Shying away from the traditional talking head documentary format, Wenders artfully takes the viewer on a journey through Kiefer’s early life, weaving together archival footage and old photographs into cleverly assembled dioramas and visual installations. Combining this method with re-enactments of key moments in the artist’s artistic development, the viewer is effectively invited into Kiefer’s creative process, gaining a deeper understanding of the genesis of some of his most significant works. With Wenders’ great-nephew Anton enlisted to play Kiefer as a child, and Kiefer’s son Daniel to play him as a younger man already in the throes of his artistic career, the film takes on an interestingly intimate quality which is rare for such a largely scaled piece.

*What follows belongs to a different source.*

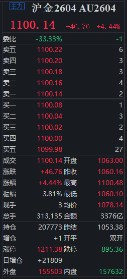 【沪金主力合约突破1100元大关】截至发稿时,沪金主力合约报1100.14元/克,涨幅4.44%,创历史新高。同时,现货黄金也站上4880美元/盎司,日内涨2.46%。(中新经纬APP)
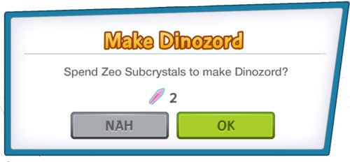 If you have 2 Pink Zeo SubCrystals available simply Tap Combine and you will see the following box pop up. ***Please note you don’t neec to have unlocked Pink Ranger Lois or the have Alpha 5 to use your Pterodactyl DinoZord. They are simply used to create a stronger version – more on this later***

My favourite sequences in the film were of Kiefer at work in his various studios, wielding not paints and brushes but blowtorches and barrels of molten lead alongside his team of devoted assistants, all dressed in black like a small army of roadies. Wenders takes the viewer on a fascinating journey of artistic creation, letting us tag along as a Kiefer cycles through his absolutely enormous studio – the Atelier in Croissy, just outside Paris.  Whether reading poetry, rifling through bins of materials, or flipping through the pages of books in his drool-worthy library, I found it a treat to feel as though I was watching the ideas bubble up and percolate in his brain. Though some have criticized Anselm as more of an immersive “experience” than a “film,” I disagree. In a similar fashion to Kiefer, Wenders here seeks to experiment with unconventional tools and technologies in the evolution of his own artform, forging new and influential paths and forms for documentary filmmaking.

Anselm is currently streaming on the Criterion Channel.